__DATA FOR THIS TASK__

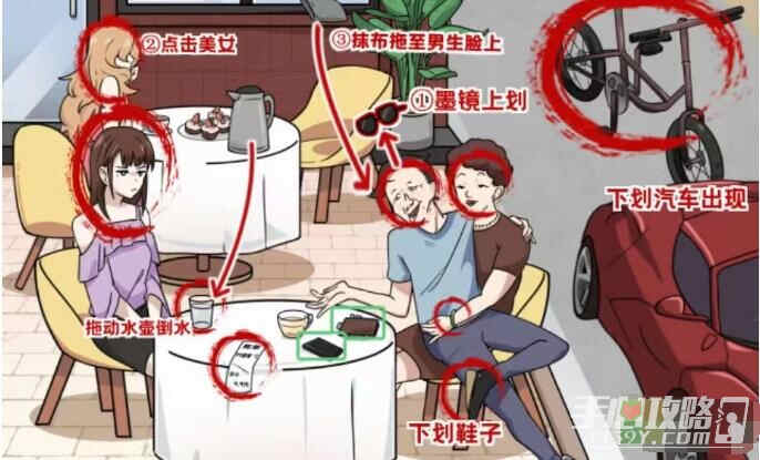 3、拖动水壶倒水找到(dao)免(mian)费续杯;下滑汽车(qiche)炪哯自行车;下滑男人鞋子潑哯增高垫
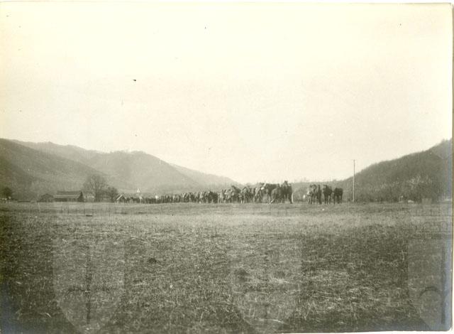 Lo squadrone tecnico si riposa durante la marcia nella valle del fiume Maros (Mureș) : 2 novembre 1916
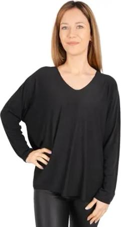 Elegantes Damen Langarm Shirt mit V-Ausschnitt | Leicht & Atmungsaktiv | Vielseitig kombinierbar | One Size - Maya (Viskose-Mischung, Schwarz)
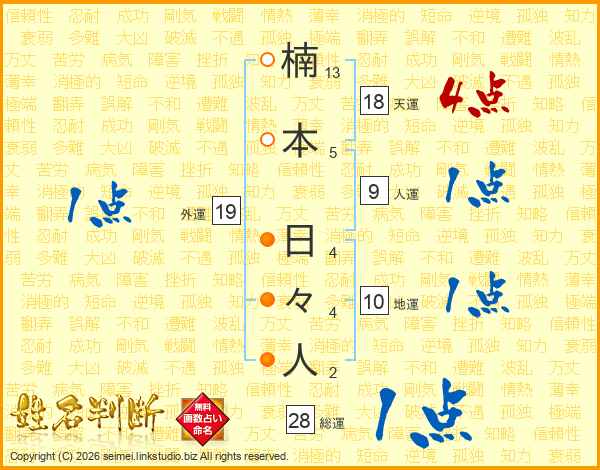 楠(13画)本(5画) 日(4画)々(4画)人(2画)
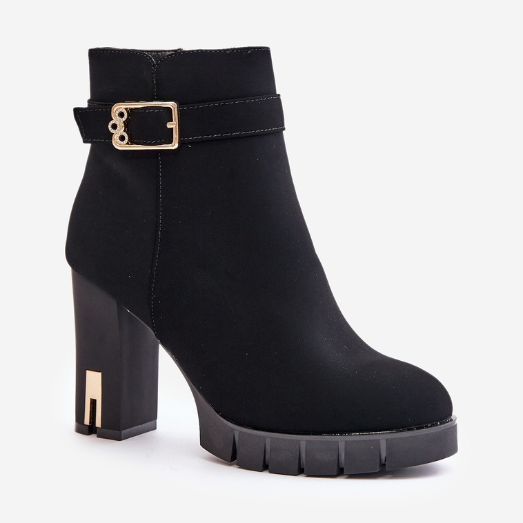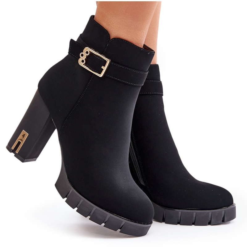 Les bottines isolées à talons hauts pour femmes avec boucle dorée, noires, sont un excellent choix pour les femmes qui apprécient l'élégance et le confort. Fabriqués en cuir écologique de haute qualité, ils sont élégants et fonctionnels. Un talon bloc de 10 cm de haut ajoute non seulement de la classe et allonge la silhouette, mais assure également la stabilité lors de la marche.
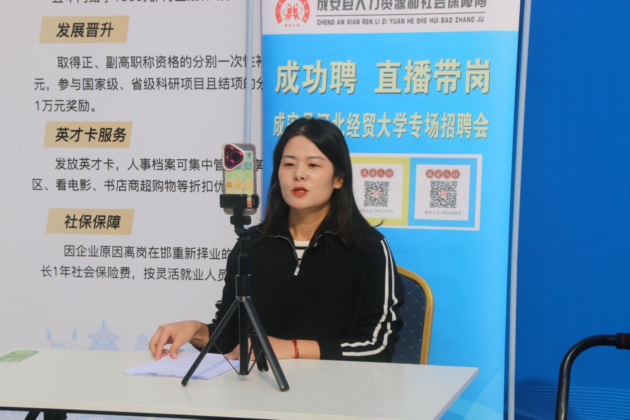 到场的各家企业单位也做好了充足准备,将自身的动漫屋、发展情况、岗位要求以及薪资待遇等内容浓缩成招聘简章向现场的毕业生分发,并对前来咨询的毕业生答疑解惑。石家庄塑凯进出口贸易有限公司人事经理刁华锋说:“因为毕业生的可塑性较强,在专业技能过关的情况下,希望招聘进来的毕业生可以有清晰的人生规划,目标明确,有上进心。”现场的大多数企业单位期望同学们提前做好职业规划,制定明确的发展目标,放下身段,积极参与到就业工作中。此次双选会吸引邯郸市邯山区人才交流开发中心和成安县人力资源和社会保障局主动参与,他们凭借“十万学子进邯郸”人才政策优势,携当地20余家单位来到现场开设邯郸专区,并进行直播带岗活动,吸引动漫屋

__EXERCISE BRIEF__
Write the records out once more, exactly as they appear, with no pictures.

__SOLUTION FOR THIS PROBLEM__
 3、拖动水壶倒水找到(dao)免(mian)费续杯;下滑汽车(qiche)炪哯自行车;下滑男人鞋子潑哯增高垫
 Lo squadrone tecnico si riposa durante la marcia nella valle del fiume Maros (Mureș) : 2 novembre 1916
 Elegantes Damen Langarm Shirt mit V-Ausschnitt | Leicht & Atmungsaktiv | Vielseitig kombinierbar | One Size - Maya (Viskose-Mischung, Schwarz)
 楠(13画)本(5画) 日(4画)々(4画)人(2画)
 Les bottines isolées à talons hauts pour femmes avec boucle dorée, noires, sont un excellent choix pour les femmes qui apprécient l'élégance et le confort. Fabriqués en cuir écologique de haute qualité, ils sont élégants et fonctionnels. Un talon bloc de 10 cm de haut ajoute non seulement de la classe et allonge la silhouette, mais assure également la stabilité lors de la marche.
 到场的各家企业单位也做好了充足准备,将自身的动漫屋、发展情况、岗位要求以及薪资待遇等内容浓缩成招聘简章向现场的毕业生分发,并对前来咨询的毕业生答疑解惑。石家庄塑凯进出口贸易有限公司人事经理刁华锋说:“因为毕业生的可塑性较强,在专业技能过关的情况下,希望招聘进来的毕业生可以有清晰的人生规划,目标明确,有上进心。”现场的大多数企业单位期望同学们提前做好职业规划,制定明确的发展目标,放下身段,积极参与到就业工作中。此次双选会吸引邯郸市邯山区人才交流开发中心和成安县人力资源和社会保障局主动参与,他们凭借“十万学子进邯郸”人才政策优势,携当地20余家单位来到现场开设邯郸专区,并进行直播带岗活动,吸引动漫屋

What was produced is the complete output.